Village in Wiltshire, England

Dinton is a village, civil parish and former manor in Wiltshire, England, in the Nadder valley on the B3089 road about 8 mi west of Salisbury. The parish population was 696 at the 2011 census, estimated at 733 in 2019. The civil parish includes the village of Baverstock, about 1 mi east of Dinton village.

==History==
The northern bounds of the parish follow a prehistoric line known as Grim's Ditch, through downland overlooking the Wylye valley further north. Hanging Langford Camp, an Iron Age settlement, is just beyond the parish boundary. The hillfort known as Wick Ball Camp lies near the western boundary of the parish, partly within Dinton Park.

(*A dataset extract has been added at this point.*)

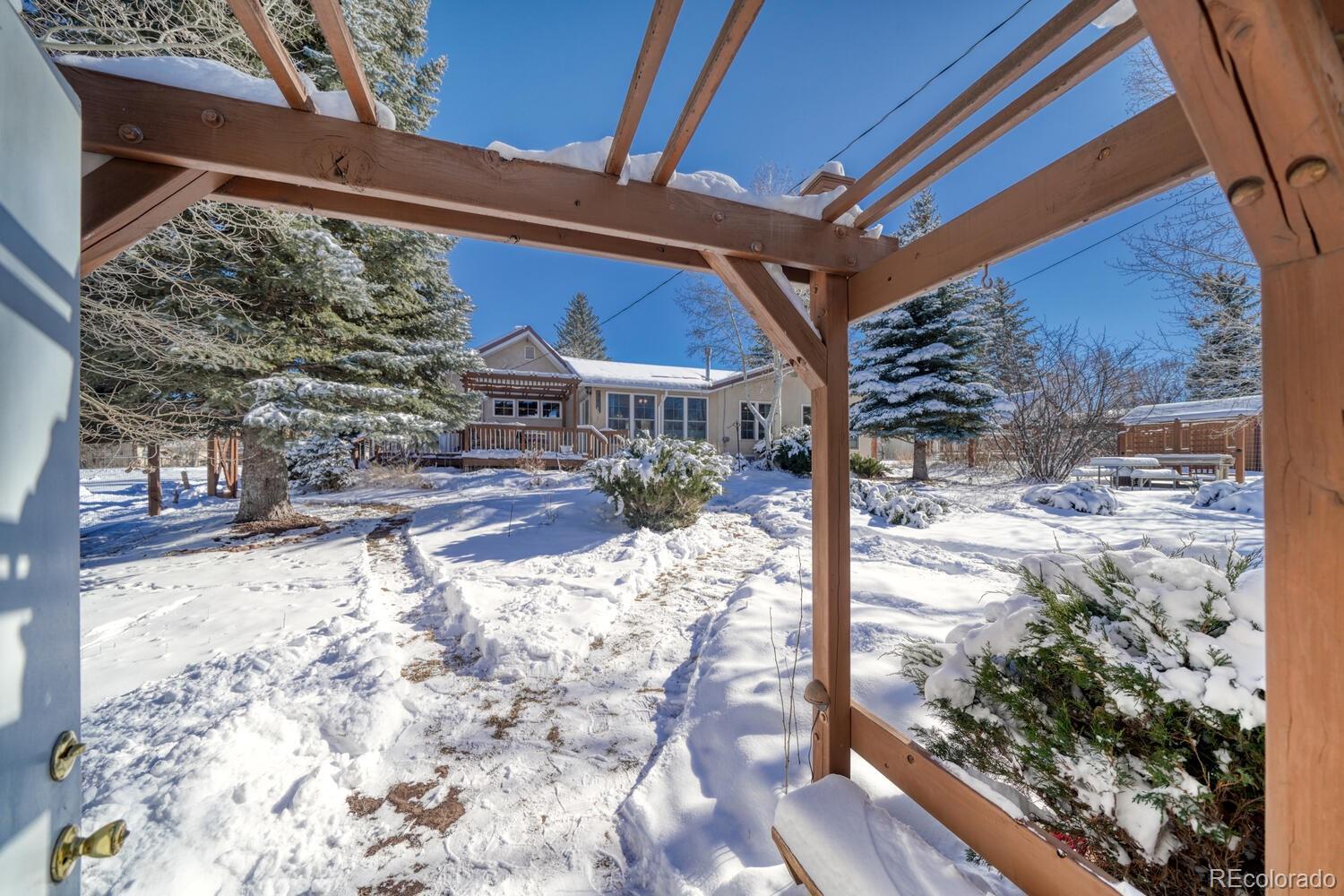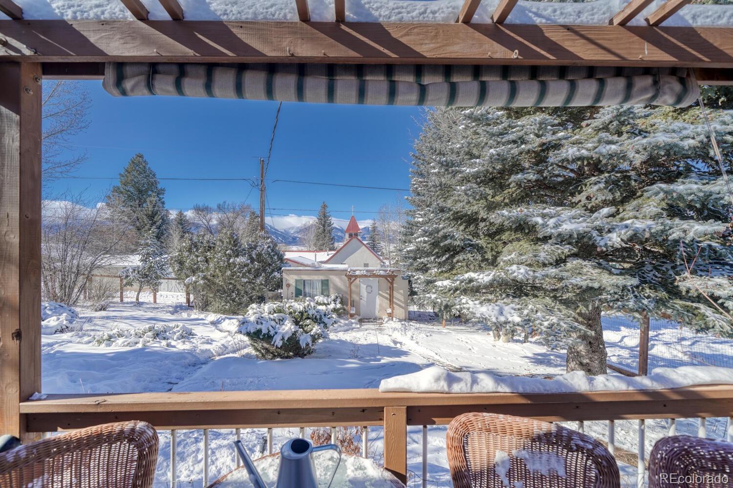 Situated on a spacious corner lot in the heart of Westcliffe, this beautifully renovated home offers comfort, character, and true in-town convenience. Remodeled in 2005 with a well-planned addition, it features three bedrooms (one non-conforming), a spacious office with mountain views, a dedicated library, and two inviting living spaces—providing room for work, reflection, and gathering. Both the living room and family room include thermostat-controlled propane fireplaces, offering warmth and ambience with ease. Large windows throughout frame unobstructed, front-and-center views of the Sangre de Cristo Mountains. Pocket doors, quality cabinetry throughout, and a stucco exterior continue the home’s thoughtful, enduring character. The dining room is positioned to take in the mountain backdrop and provides French-door access to the enclosed courtyard, creating a natural flow for both indoor and outdoor dining. The family room offers sliding-door access to the rear Trex deck, extending the living space and inviting you to enjoy the mountain air. Wood floors and crown molding add a timeless touch, while the kitchen’s warm wood cabinetry creates a welcoming, functional center to the home. Outdoor living is exceptional, with a covered front porch, a private courtyard, and a rear deck—all finished in durable Trex decking. An automatic sprinkler system, mature aspen and evergreen trees complement the fenced yard. The garage offers a workshop area suited for storage or hobbies, and a 10x20 shed provides additional flexible space. Originally formed from two miner cabins later combined and expanded, the home carries a quiet historical thread. A shadowbox table displaying late-1800s artifacts remains with the property. Within walking distance to downtown, this home blends mountain beauty, small-town charm, and a story uniquely its own. Schedule a showing today to experience the history, heart, and mountain presence that make this Westcliffe home truly unforgettable.

A Roman road from the Mendip lead mines to Old Sarum passed east–west, just south of the ditch. The Domesday Book of 1086 recorded a settlement of 37 households at Dinton, held by Shaftesbury Abbey.

After the Dissolution in 1540, much of Dinton's land was acquired by the Earls of Pembroke. Later other land was purchased by the Wyndham family, which created Dinton Park. All Pembroke and Wyndham land was sold in the 20th century.

Dinton had a school from an early date, with some 80 children attending in 1818. A National School was built in 1872 and took children of all ages until 1935, when those over 11 transferred to Wilton. The school became a Church of England voluntary controlled school in 1945.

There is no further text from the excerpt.